Quatre responsables de l’établissement Santé publique France exposent, dans une tribune au « Monde », avant le nouveau « Ségur » annoncé par le gouvernement pour l’automne, les pistes à suivre pour améliorer le fonctionnement de cette branche à part entière des politiques sanitaires.
Dans notre pays, les grandes réformes du système de santé sont souvent issues de crises sanitaires majeures. L’épidémie de sida et la crise de la transfusion sanguine ont contribué fortement à l’essor de la sécurité et de la démocratie sanitaires.
De même, un événement comme la « crise de la vache folle » – déclenchée à partir de 1996 par l’épizootie d’encéphalopathie spongiforme bovine (ESB) – a permis d’importantes avancées en matière de sécurité alimentaire, tandis que la canicule de 2003 a ouvert la voie, lors de chaque nouvelle vague de chaleur, à un « plan national canicule » associant les acteurs de l’Etat et des collectivités dans les territoires.
L’épidémie de Covid-19 n’échappe pas à cette règle. D’ores et déjà, de nombreuses mesures ont été annoncées par un accord conclu le 13 juillet à l’issue du « Ségur de la santé ». Le ministre des solidarités et de la santé, Olivier Véran, dans son discours de clôture, le 21 juillet, a souhaité la mise en place « d’une santé publique forte pour mieux se préparer et mieux combattre les nouvelles crises qui ne manqueront pas de surgir et qui affecteront la santé des populations ». Une nouvelle grande concertation, dénommée cette fois « Ségur de la santé publique », a été annoncée pour l’automne.

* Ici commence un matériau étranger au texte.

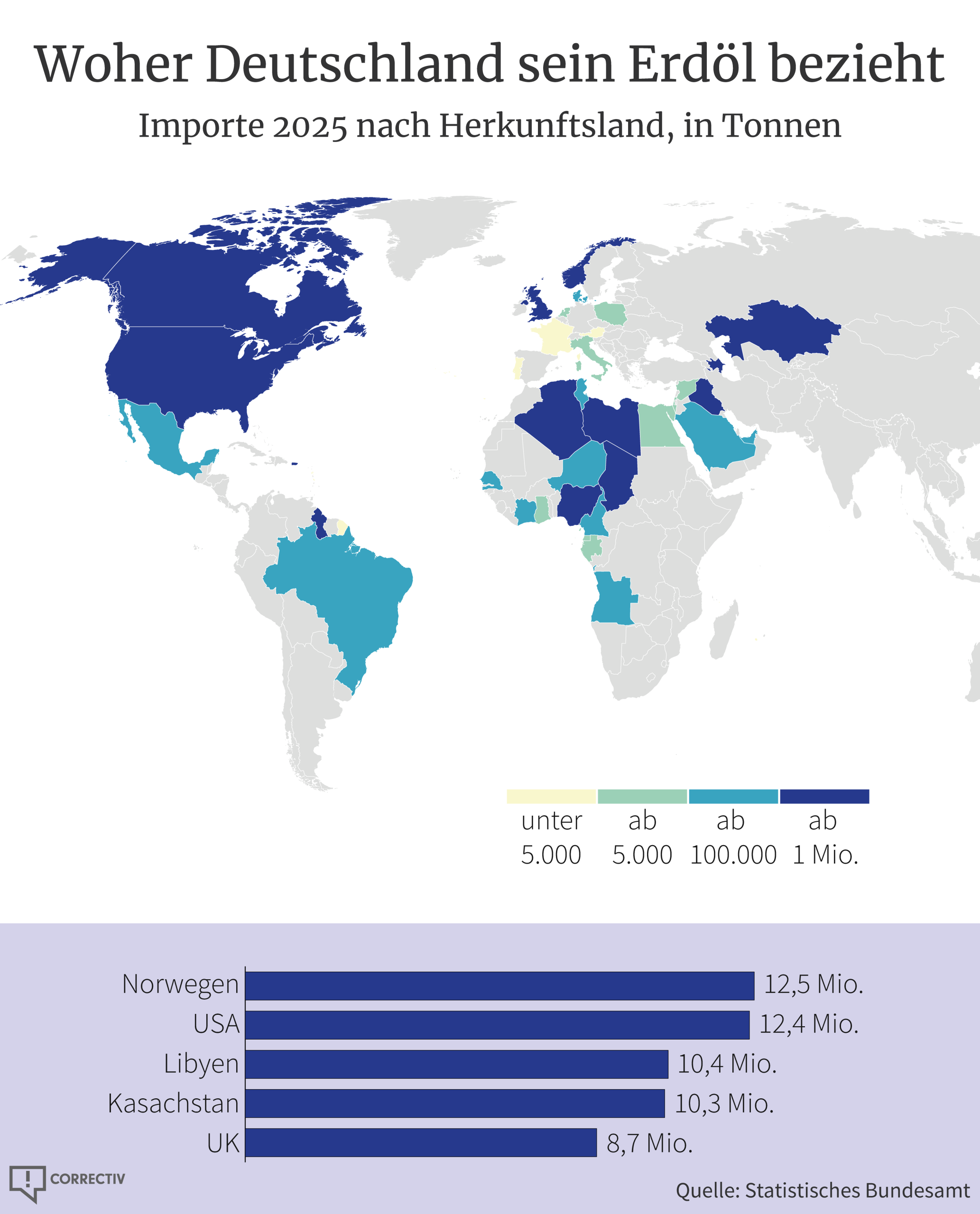 Die Straße von Hormus steht aktuell im Nachrichtenfokus. Denn die dort verursachte Knappheit lässt weltweit die Preise fossiler Rohstoffe steigen. Doch woher bezieht Deutschland sein Erdöl? Das zeigt die heutige Grafik des Tages.

C’est une opportunité unique pour faire progresser harmonieusement les deux piliers de la santé publique que sont la protection contre les risques et l’amélioration de la santé. La pandémie de Covid-19 l’a très bien montré : même si l’ensemble de la population est exposé, l’impact de l’épidémie est bien plus important chez les plus âgés, chez ceux qui ont une moins bonne santé, et ceux qui, socialement, sont les plus vulnérables et démunis.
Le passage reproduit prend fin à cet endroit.